The reason I highlight SO MANY of these things is that it is easy – as it was in my Lance Armstrong / Joe Paterno post – to take a single item from the list and dismiss it. However, looking at all of the instances of rampant violence, the sheer extent of our gun obsession (and directly related ‘world leader’ status in gun violence and death), reduction in education, a growing discrimination against women and racial/religious intolerance, press restrictions, and on and on and on – it paints a picture of the actual state of our country. For to dismiss ALL of what is said ‘because it is China’ saying it makes no sense – the quotes are made up of sources from the US, UK and other ‘reliable’ sources.
When I look at this list, I wonder what a report might have looked like 15 years ago, before 9/11. We know Gun Ownership as national obsession/litmus test is less than 40 years old (after 200 years of restrictions), and things were actually getting better in terms of tolerance and equal rights and equal pay (the 1999 law, for example), and so on. While we would have been even more dismissive of the origin (with good reason), the contents would also have been quite different.

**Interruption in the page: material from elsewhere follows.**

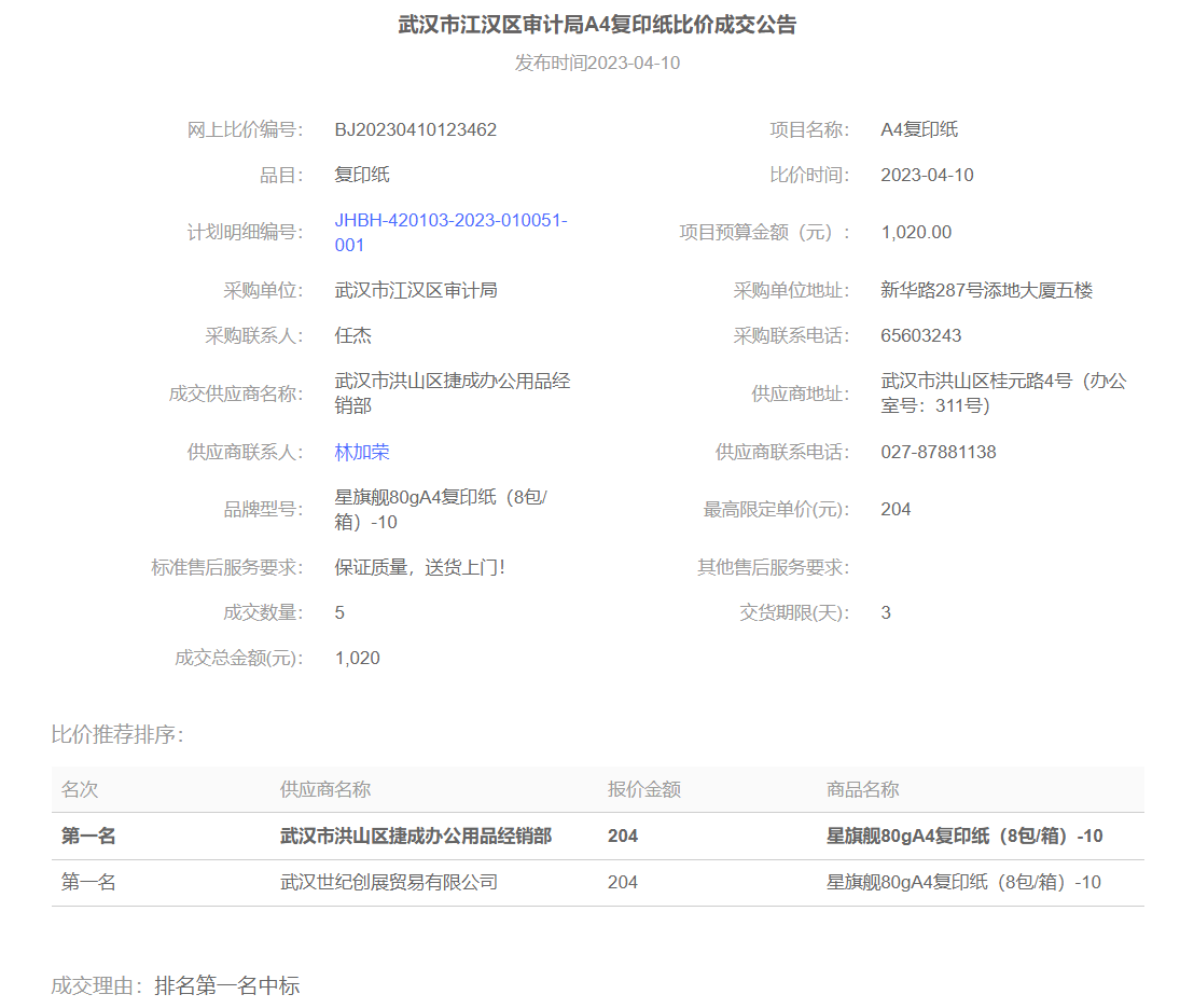 | 标 题 | 欧亚国际(中国)官方网站 审计局A4复印纸比价成交公告 | ||

In my mind there is no question – we are a changed country since 9/11. For all of the rhetoric, we ARE more authoritarian (not saying we actually ARE authoritarian, just that we have shifted in that direction), less tolerant of religions, more violent, more fearful of science and higher education and therefore make those a lower priority, less willing to have our ideas challenged or listen objectively, and so on.
Of course, the real question is ‘what can we do’? We have to take back our country, take back the ideals of freedom and inclusion and of being a great melting pot (or mosaic), and learn to again embrace everyone who wants to make our country better and stronger by listening and working to compromise rather than steamrolling and focusing on ‘winning’.
I would LOVE to see a rebuttal report that would make me laugh at its silliness rather than cry for the truths it contains.